背景

Ambari是一個強大的大數據集羣管理平臺。在實際使用中，我們使用的大數據組件不會侷限於官網提供的那些。如何在Ambari中集成進去其他組件呢？

Stacks & Services

Stack爲一系列service的集合。可以在Ambari中定義多個不同版本的stacks。比如HDP3.1爲一個stack，可以包含Hadoop, Spark等等多個特定版本的service。

Stack和Service的關係

Ambari中stacks相關的配置信息位於：

源碼包：ambari-server/src/main/resources/stacks
安裝後：/var/lib/ambari-server/resources/stacks

如果多個stacks需要使用相同的service配置，需要將配置放置於common-services中。common-services目錄中存放的內容可供任意版本的stack直接使用或繼承。

common-services目錄

common-services目錄位於源碼包的ambari-server/src/main/resources/common-services目錄中。如果某個服務需要在多個stacks之中共享，需要將此service定義在common-services中。通常來說common-services中給出了各個service的公用配置。比如下文提到的組件在ambari中的配置項（configuration）部分的配置。

Service目錄結構

Service的目錄結構如下圖所示：

Service目錄結構

如圖所示，以HDFS爲例，每個service的組成部分解釋如下：

Service ID：通常爲大寫，爲Service名稱。
configuration：存放了service對應的配置文件。該配置文件爲XML格式。這些XML文件描述了service的配置項如何Ambari的組件配置頁面展示（即service的圖形化配置頁面的配置文件，配置該頁面包含什麼配置項）。
package：該目錄包含了多個子目錄。其中用service控制腳本（啓動，停止和自定義操作等）和組件的配置文件模板。
alert.json：service的告警信息定義。
kerberos.json：service和Kerberos結合使用的配置信息。
metainfo.xml：service最爲重要的配置文件。其中定義的service的名稱，版本號，簡介和控制腳本名稱等等信息。
metrics.json：service的監控信息配置文件。
widgets.json：service的監控圖形界面展示的配置。

metainfo.xml 詳解

不僅service具有metainfo.xml配置文件，stack也會有這個配置文件。對於stack來說，metainfo.xml基本用於指定各個stack之間的繼承關係。

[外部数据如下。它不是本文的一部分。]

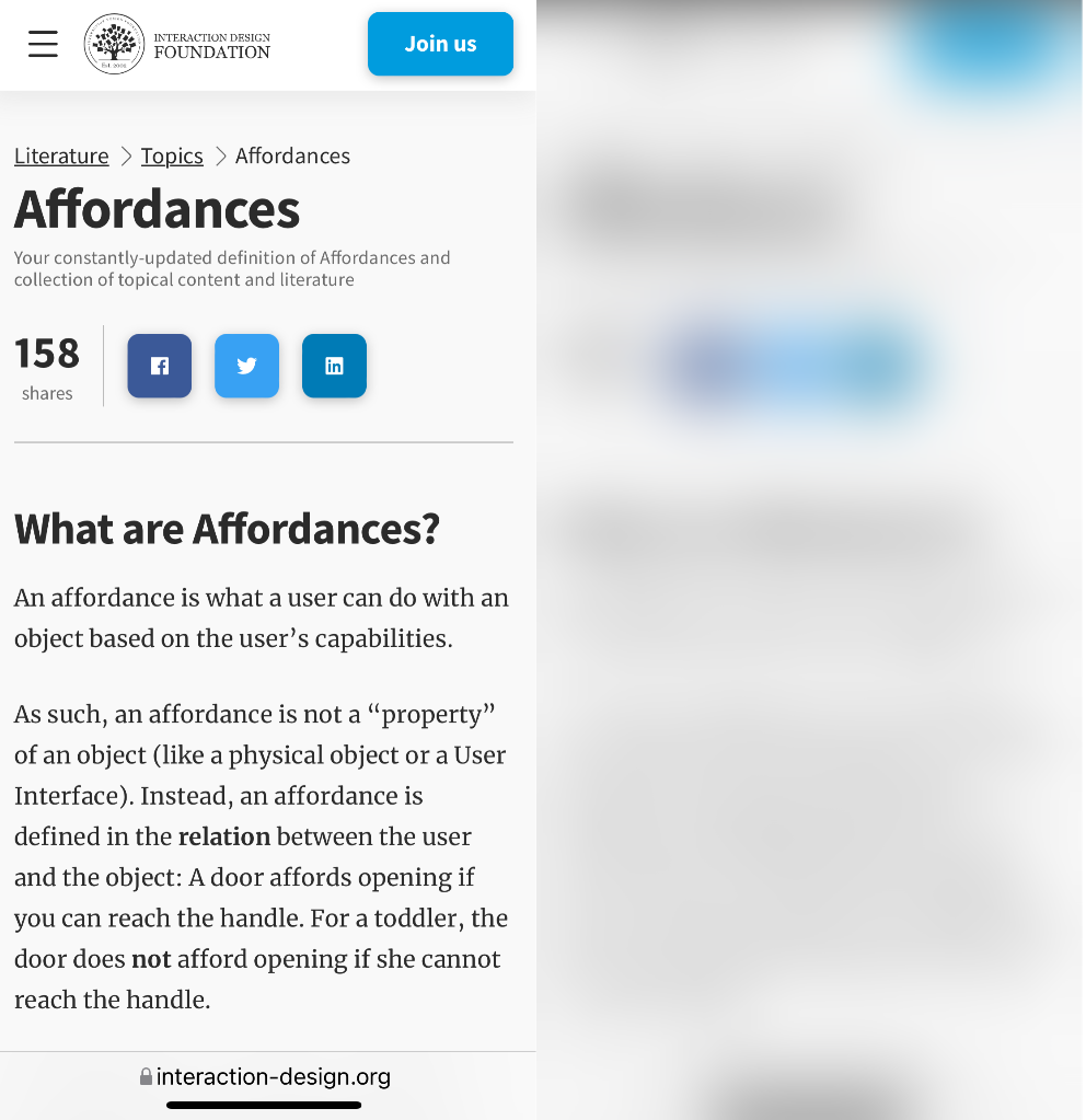 What should exist are products that anyone can use. Think of a door or a window, for example. We know how to use these kinds of technologies because they’ve been around a long time. Should digital design affordance aim for the same kind of instinctive user interaction? And is a door broken, or more user-friendly, if it needs a “pull” or “push” label on it?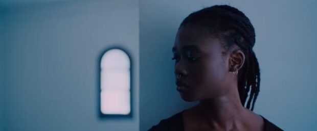 Jolie (Laetitia Ky) inquiète pour ses amies. Capture bande annonce.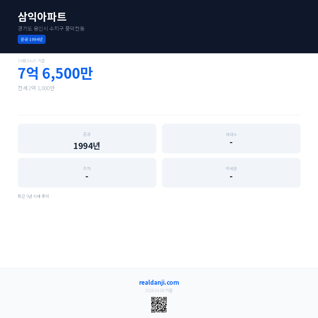 삼익아파트 최근 거래가는 6억 5,200만입니다. (2026-04)

service metainfo.xml的基礎配置項：

<services>
    <service>
        <name>HDFS</name>
        <displayName>HDFS</displayName>
        <comment>Hadoop分佈式文件系統。</comment>
        <version>2.1.0.2.0</version>
    </service>
</services>

displayName，comment和version中的內容會展示在安裝service的第一步，勾選所需組件的列表中。

component相關配置

component配置組規定了該服務下每個組件的部署方式和控制腳本等內容。舉例來說，對於HDFS這個service，它的component包含namenode，datanode，secondary namenode以及HDFS client等。在component配置項中可以對這些組件進行配置。

HDFS的namenode組件配置：

<component>
    <name>NAMENODE</name>
    <displayName>NameNode</displayName>
    <category>MASTER</category>
    <cardinality>1-2</cardinality>
    <versionAdvertised>true</versionAdvertised>
    <reassignAllowed>true</reassignAllowed>
    <commandScript>
        <script>scripts/namenode.py</script>
        <scriptType>PYTHON</scriptType>
        <timeout>1800</timeout>
    </commandScript>
    <logs>
        <log>
            <logId>hdfs_namenode</logId>
            <primary>true</primary>
        </log>
        <log>
            <logId>hdfs_audit</logId>
        </log>
    </logs>
    <customCommands>
        <customCommand>
            <name>DECOMMISSION</name>
            <commandScript>
                <script>scripts/namenode.py</script>
                <scriptType>PYTHON</scriptType>
                <timeout>600</timeout>
            </commandScript>
        </customCommand>
        <customCommand>
            <name>REBALANCEHDFS</name>
            <background>true</background>
            <commandScript>
                <script>scripts/namenode.py</script>
                <scriptType>PYTHON</scriptType>
            </commandScript>
        </customCommand>
    </customCommands>
</component>

其中各個配置項的解釋：

name：組件名稱。
displayName：組件顯示的名稱。
category：組件的類型，包含MASTER，SLAVE和CLIENT三種。其中MASTER和SLAVE是有狀態的（啓動和停止），CLIENT是無狀態的。
cardinality：該組件可以安裝幾個實例。可以支持如下格式。1：一個實例。1-2：1個至2個實例。1+：1個或多個實例。
commandScript：組件的控制腳本配置。
logs：爲log search服務提供日誌接入。

其中commandScript中的配置項含義如下：

script：該組件的控制腳本相對路徑。
scriptType：腳本類型，通常我們使用Python腳本。
timeout：腳本執行的超時時間。

customCommands配置

該配置項爲組件的自定義命令，即除了啓動，停止等等系統自帶命令之外的命令。
下面以HDFS的REBALANCEHDFS命令爲例說明下。

<customCommand>
    <name>REBALANCEHDFS</name>
    <background>true</background>
    <commandScript>
        <script>scripts/namenode.py</script>
        <scriptType>PYTHON</scriptType>
    </commandScript>
</customCommand>

該配置項會在service管理頁面右上方菜單增加新的菜單項。配置項的含義和CommandScript相同。其中background爲true說明此command爲後臺執行。
接下來大家可能有疑問，當點擊這個custom command的菜單項之後，ambari調用了namenode.py這個文件的哪個函數呢？
實際上ambari會調用和customCommand的name相同，名稱全爲小寫的python方法。如下所示。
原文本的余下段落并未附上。